- [Work required]: Once the line with "新添加「鎖水屏障成分」,遇汗、遇水形成強韌UV 防護膜" is reached, output it and every line after it, exactly, through the end of the records below. Pictures are skipped.

*** Recorded data ***

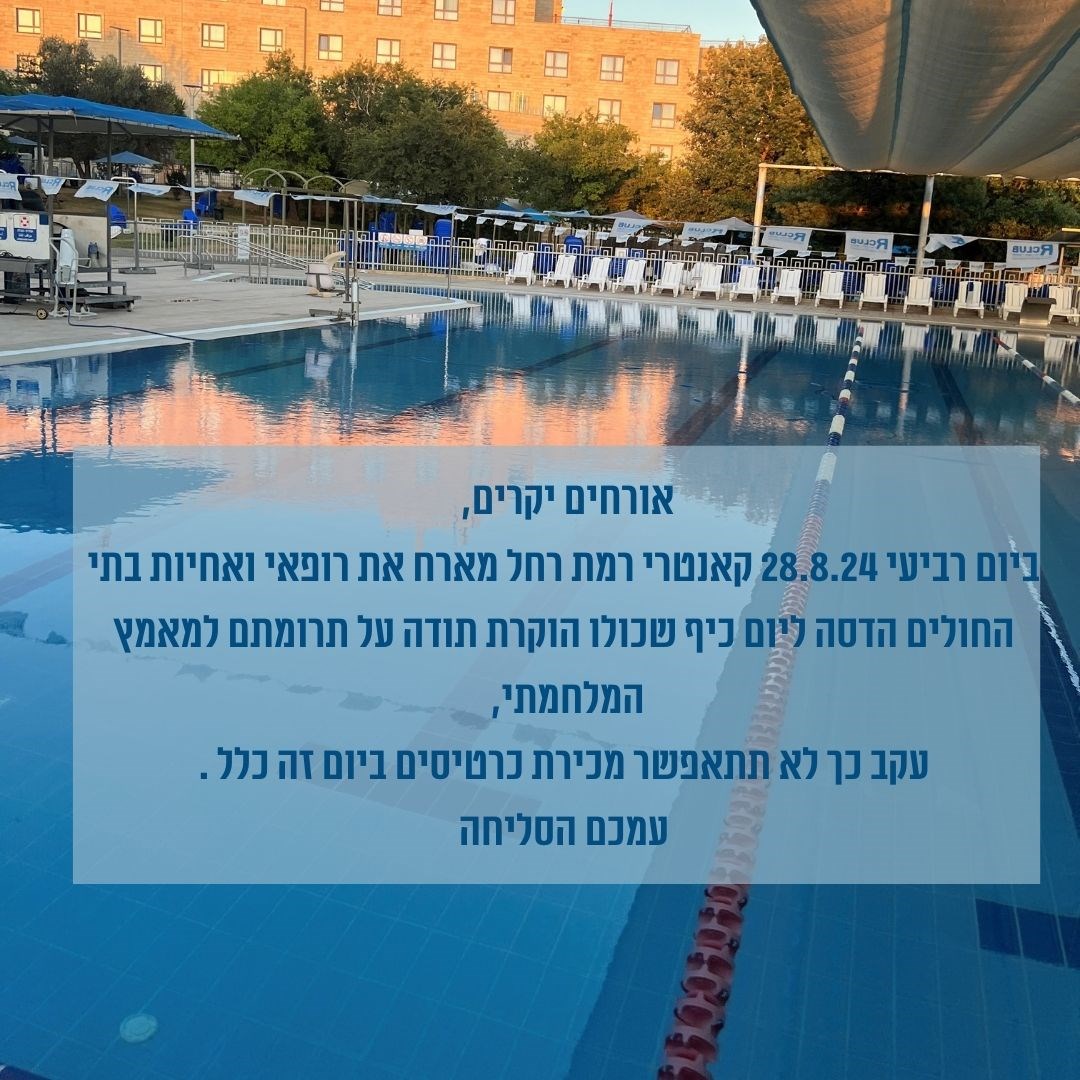 אורחים יקרים, ביום רביעי 28.8 , קאנטרי רמת רחל מארח את רופאי ואחיות בתי החולים הדסה ליום כייף שכולו הוכרת תודה על תרומתם למאמץ המלחמתי, עקב כך לא תתאפשר מכירת כרטיסים ביום זה כלל .
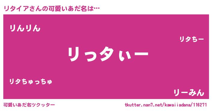 | ヘコむあだ名 | 『リタを』『リタにー』『つくし』 |
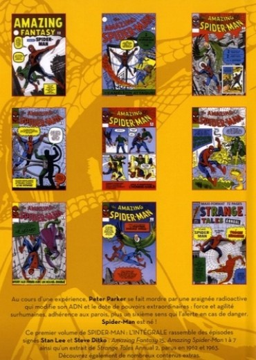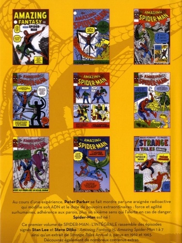 Au cours d'une expérience, Peter Parker se fait mordre par une araignée radioactive qui modifie son ADN et le dote de pouvoirs extraordinaires : force et agilité surhumaines, adhérence aux parois, plus un sixième sens qui l'alerte en cas de danger. Spider-Man est né ! Ce premier volume de SPIDER-MAN : L'INTEGRALE rassemble des épisodes signés Stan Lee et Steve Ditko : Amazing Fantasy 15, Amazing Spider-Man 1 à 7 ainsi qu'un extrait de Strange Tales Annual 2, parus en 1962 et 1963. Découvrez également de nombreux contenus extras.
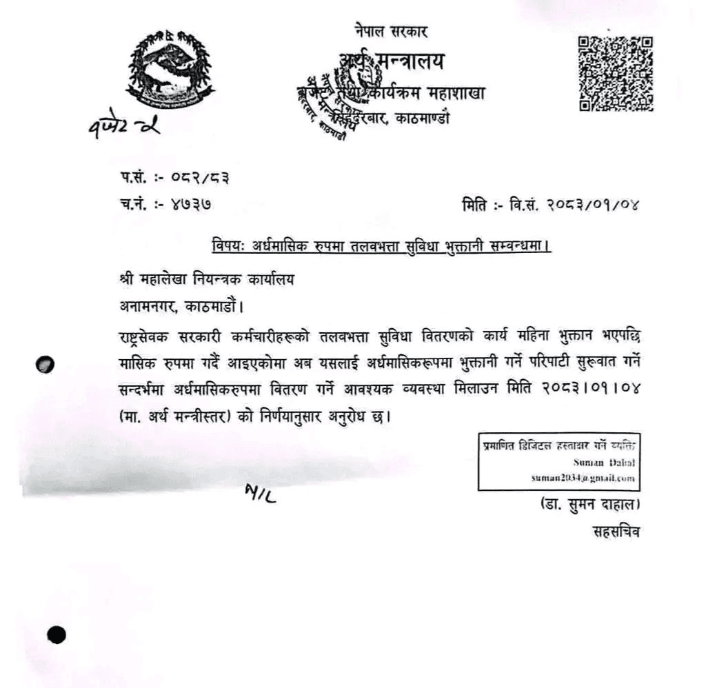 अर्थ मन्त्रालयले गत शुक्रबार मन्त्रीस्तरीय निर्णय गर्दै महालेखा नियन्त्रक कार्यालयलाई परिपत्र पठाइसकेको छ। यससँगै, हालसम्म महिनाको अन्त्यमा एकमुष्ट रूपमा दिइँदै आएको तलबभत्ता अब अर्धमासिक रूपमा वितरण हुने भएको हो।
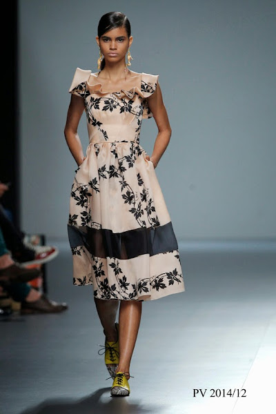 De Victorio & Lucchino me quedo con el concepto de este vestido en sus formas, color y estampado. No sé yo si el volante en el escote le gustaría a Letizia, la verdad, pero es una prenda al que se le pueden sacar bastantes ideas.
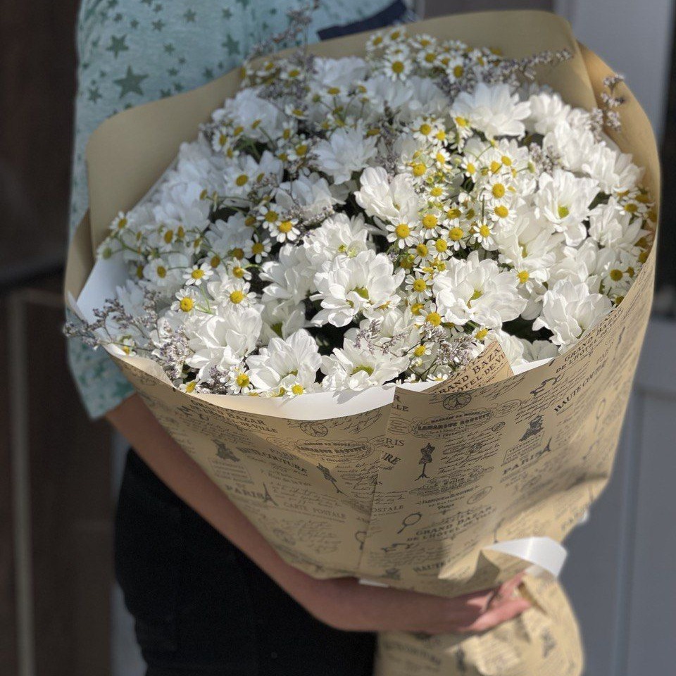 Букет из разных ромашек подарит шикарное настроение и порадует любого получателя.
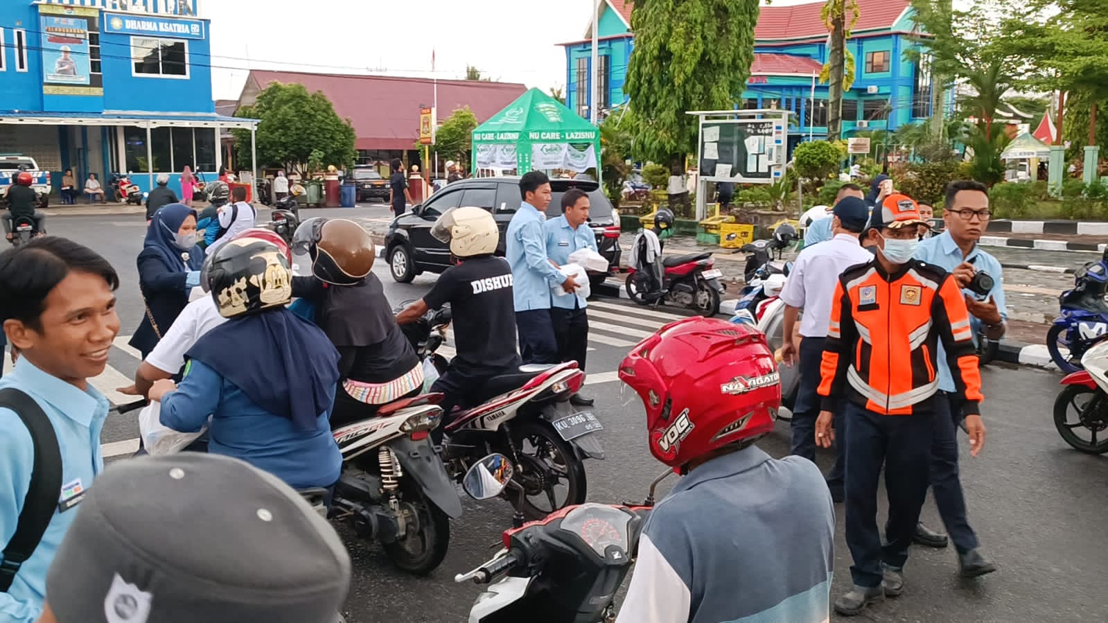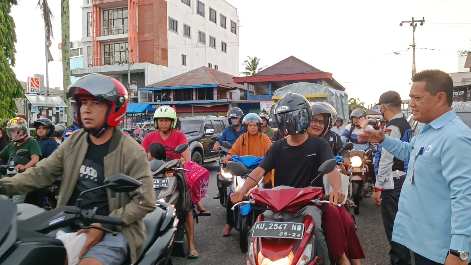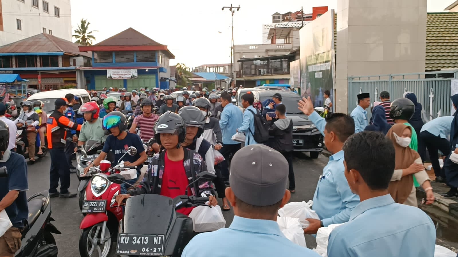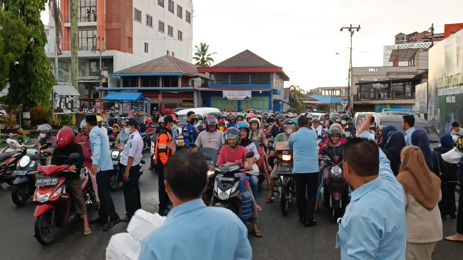 Direktur Perumda Air Minum Tirta Taka Nunukan, Masdi memimpin langsung bagu-bagi takjik kepada pengendara jalan dan masyarakat sekitar, di area Alun-alun kota Nunukan. Kegiatan ini pun diaambut dengan antusias, terlihat dengan padatnya antrean kendaraan yang tak ingin melewatkan momen ini.
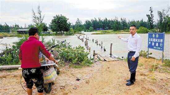■避风塘处的小木桥已被海水淹没,木桩还在水面“露头”,“严禁通行”的警示牌醒目立于桥两端。 |
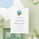 O texto formal e elegante fácil de personalizar convida os convidados a celebrar a união de um casal no casamento. O novo estilo tradicional do milênio apresenta uma paleta nítida de cor azul e verde francês com muito branco claro e láteo e uma ilustração perfeita de flor azul de hydrangea.
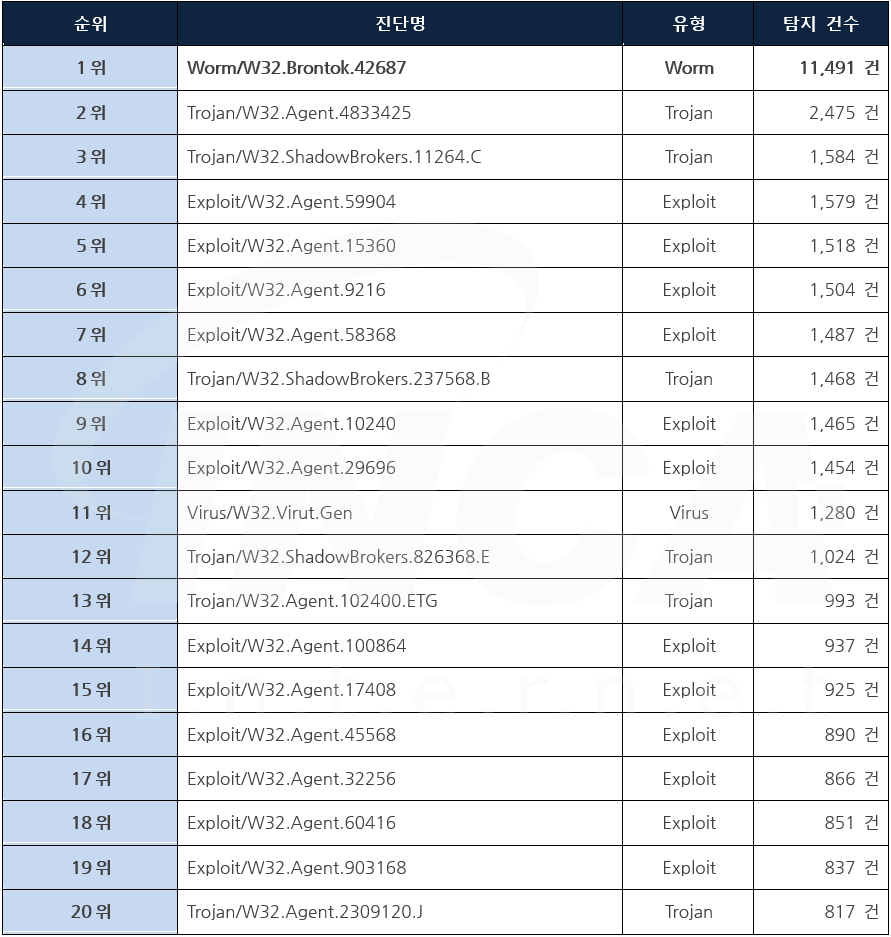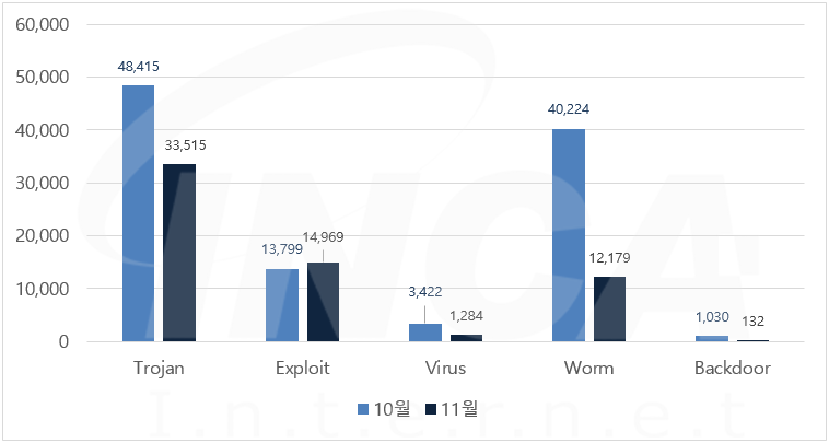 11월에는 악성코드 유형별로 10월과 비교하였을 때 Exploit의 진단 수가 증가하고, Trojan, Virus, Worm 및 Backdoor 의 진단 수가 감소했다.
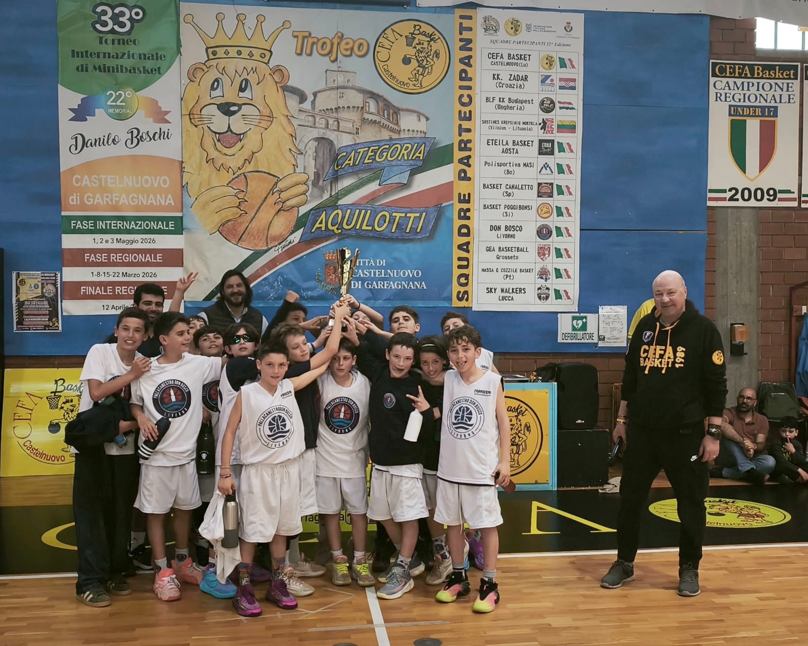 Sarà dunque toscana e più precisamente livornese una delle grandi favorite per la vittoria alla fase internazionale del torneo che si svolgerà dal 1° al 3 maggio. Il torneo ospiterà anche la 23esima edizione del Memorial Danilo Boschi ed è riservato alla categoria Aquilotti (nati 2015-16-17). Don Bosco ha sconfitto in finale Pallacanestro Endas Pistoia, terzo posto per Baloncesto Basket Firenze su Dany Basket Quarrata.
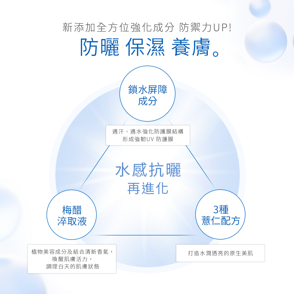 新添加「鎖水屏障成分」,遇汗、遇水形成強韌UV 防護膜
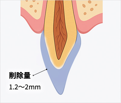 クイックビューティべニアは、0.3〜0.5mm程度の極薄素材を使用するため、歯を削ることなく装着できます。従来のラミネートべニアやクラウンのように歯を削る必要がなく、歯質を残しながら見た目を整えられる治療法です。歯を削ることに不安があるかたにもおすすめの治療法です。
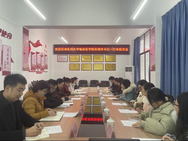 2024年12月28日,贵州医科大学临床医公司党委副书记(正处级)桂晓玲,党委委员、副处级组织员马晓萍率员工管理科、生产实习科、团委、研究生科、教学科研管理科相关负责同志来院座谈交流。公司党委副书记(主持工作)、经理王东红,党委副书记杨洪艳,员工科、研究生科、教务科、团委各科室负责人及辅导员代表参加座谈。杨洪艳主持会议。
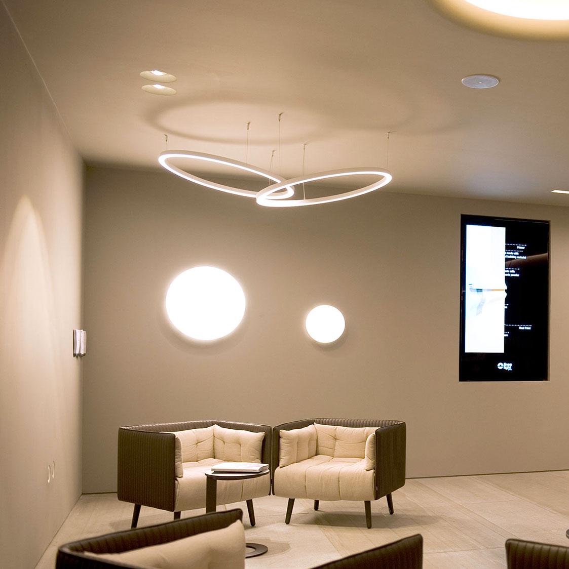 Tour D представляет собой подвесную версию с двойным излучением известной линейки Tour, отличающуюся круглым, синтетическим и строгим дизайном и корпусом из алюминия.
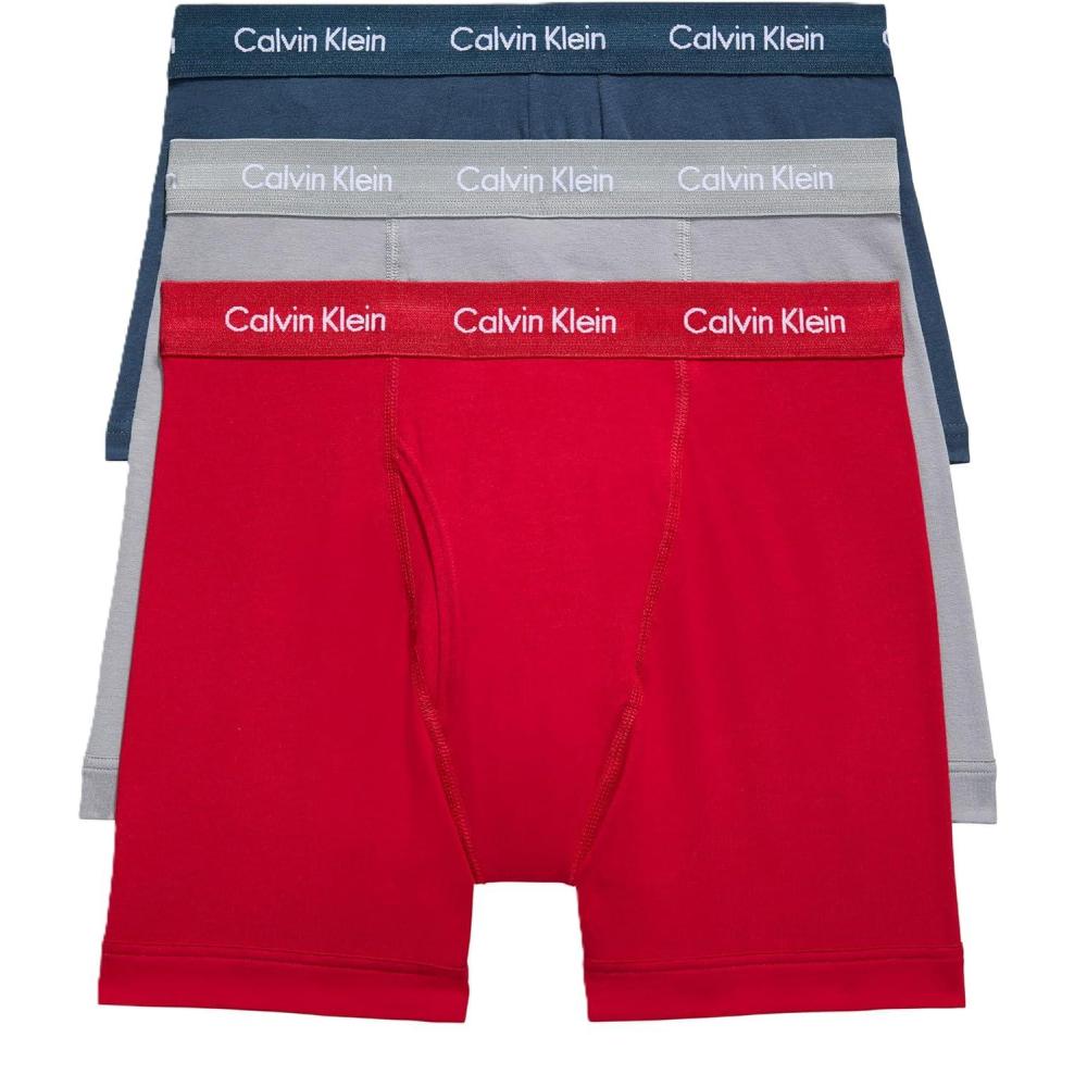 Calvin Klein Men’s Cotton Stretch 3-Pack Boxer Brief(Convoy Juneberry Navy Stone)

*** End of Recorded data ***

- [Task response]:
 新添加「鎖水屏障成分」,遇汗、遇水形成強韌UV 防護膜
 クイックビューティべニアは、0.3〜0.5mm程度の極薄素材を使用するため、歯を削ることなく装着できます。従来のラミネートべニアやクラウンのように歯を削る必要がなく、歯質を残しながら見た目を整えられる治療法です。歯を削ることに不安があるかたにもおすすめの治療法です。
 2024年12月28日,贵州医科大学临床医公司党委副书记(正处级)桂晓玲,党委委员、副处级组织员马晓萍率员工管理科、生产实习科、团委、研究生科、教学科研管理科相关负责同志来院座谈交流。公司党委副书记(主持工作)、经理王东红,党委副书记杨洪艳,员工科、研究生科、教务科、团委各科室负责人及辅导员代表参加座谈。杨洪艳主持会议。
 Tour D представляет собой подвесную версию с двойным излучением известной линейки Tour, отличающуюся круглым, синтетическим и строгим дизайном и корпусом из алюминия.
 Calvin Klein Men’s Cotton Stretch 3-Pack Boxer Brief(Convoy Juneberry Navy Stone)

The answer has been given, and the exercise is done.